Broken Memories: Detecting and Mitigating Memorization in Diffusion Models with Degraded Generations
This work addresses privacy and copyright risks in diffusion models by providing a practical, on-the-fly method to detect and suppress memorization without degrading image quality.
The paper identifies that memorization in diffusion models causes internal numerical instability, leading to 'broken' artifacts. It proposes a detection and mitigation framework achieving AUC >0.999 detection and 0.0% memorization rate with negligible overhead.
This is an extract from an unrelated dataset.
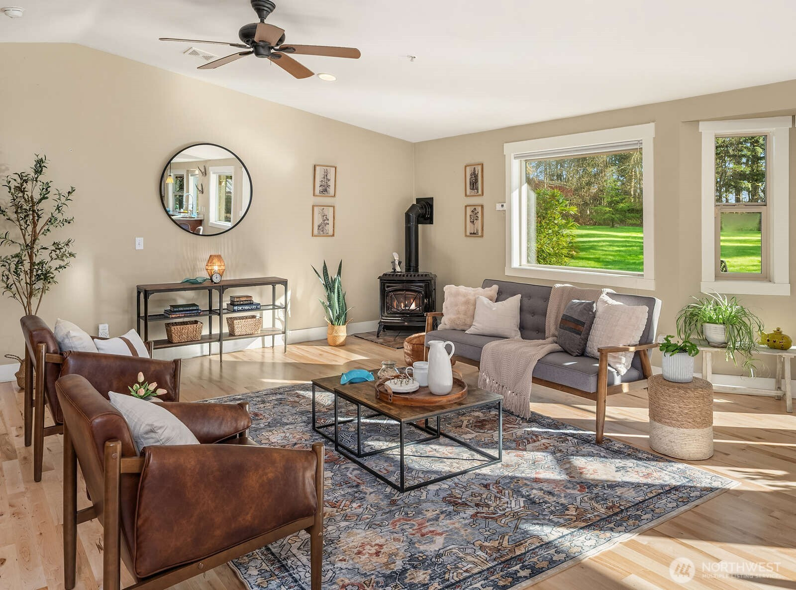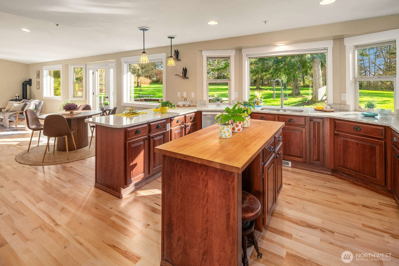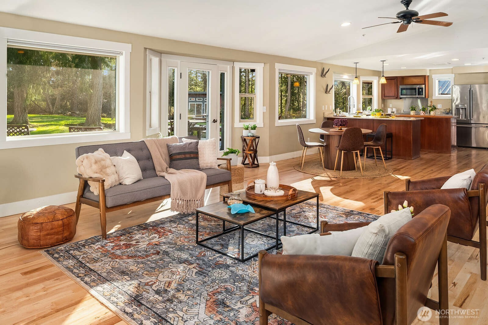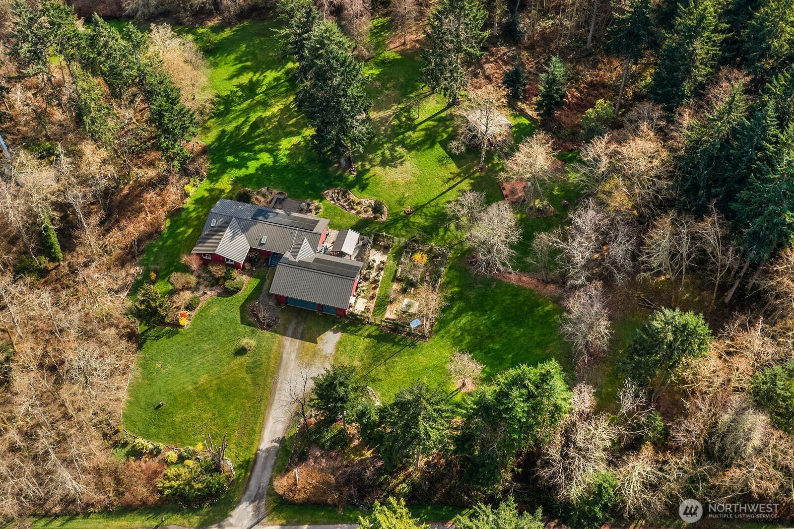 Terrapin Meadows offers easy single floor living shaped around light, space, and connection to the outdoors. The home features 3 beds and 2 baths across 2040 sq ft with newly refinished maple hardwood floors, solid wood doors and finishes and an open chef's kitchen with Viking induction stove, GE Cafe refrigerator and microwave, and quartz counters. Walls of windows and remote skylights bring in natural light, supported by electric convection heat and a propane stove. The layout moves naturally outdoors where a tigerwood deck with built in seating opens from the main living area. A covered dining pavilion and adjacent kitchen garden with raised beds and deer fencing sit just steps from the kitchen, creating a seamless setting for casual meals, gatherings, or spontaneous entertaining. The five acre property is level and expansive with full southern exposure, mature gardens, open lawn, and overflow parking. A detached studio with water, a single open room, and sliding glass walls with deck sits near an outdoor stage, well suited for music, art, or office use. A 3 car garage with over 1000 sq ft offers shop space. Solar panels, Generac propane generator, metal roof, new electric panel, and sewer connection are in place. End of the road and centrally located with equal access to both ferries, adjacent to Island Center forest. An inviting parklike setting with wildlife, birds, and gardens that come fully alive each spring.

While diffusion models excel at generating high-quality images, their tendency to memorize training data poses significant privacy and copyright risks. In this work, we for the first time identify that memorization induces internal numerical instability, often manifesting as visually ``broken'' artifacts. Inspired by stability analysis in numerical methods, we introduce empirical stability regions based on latent update norms to quantitatively characterize stable behavior during generation. Leveraging this, we propose a principled, on-the-fly framework for step-wise detection and adaptive mitigation. Our approach suppresses memorization without altering prompts or guidance, thereby preserving semantic fidelity and image quality. Extensive experiments on Stable Diffusion 1.4 demonstrate that our method achieves an AUC $>0.999$ detection performance and a $0.0\%$ memorization rate after mitigation with negligible overhead ($\approx0.01$s per image).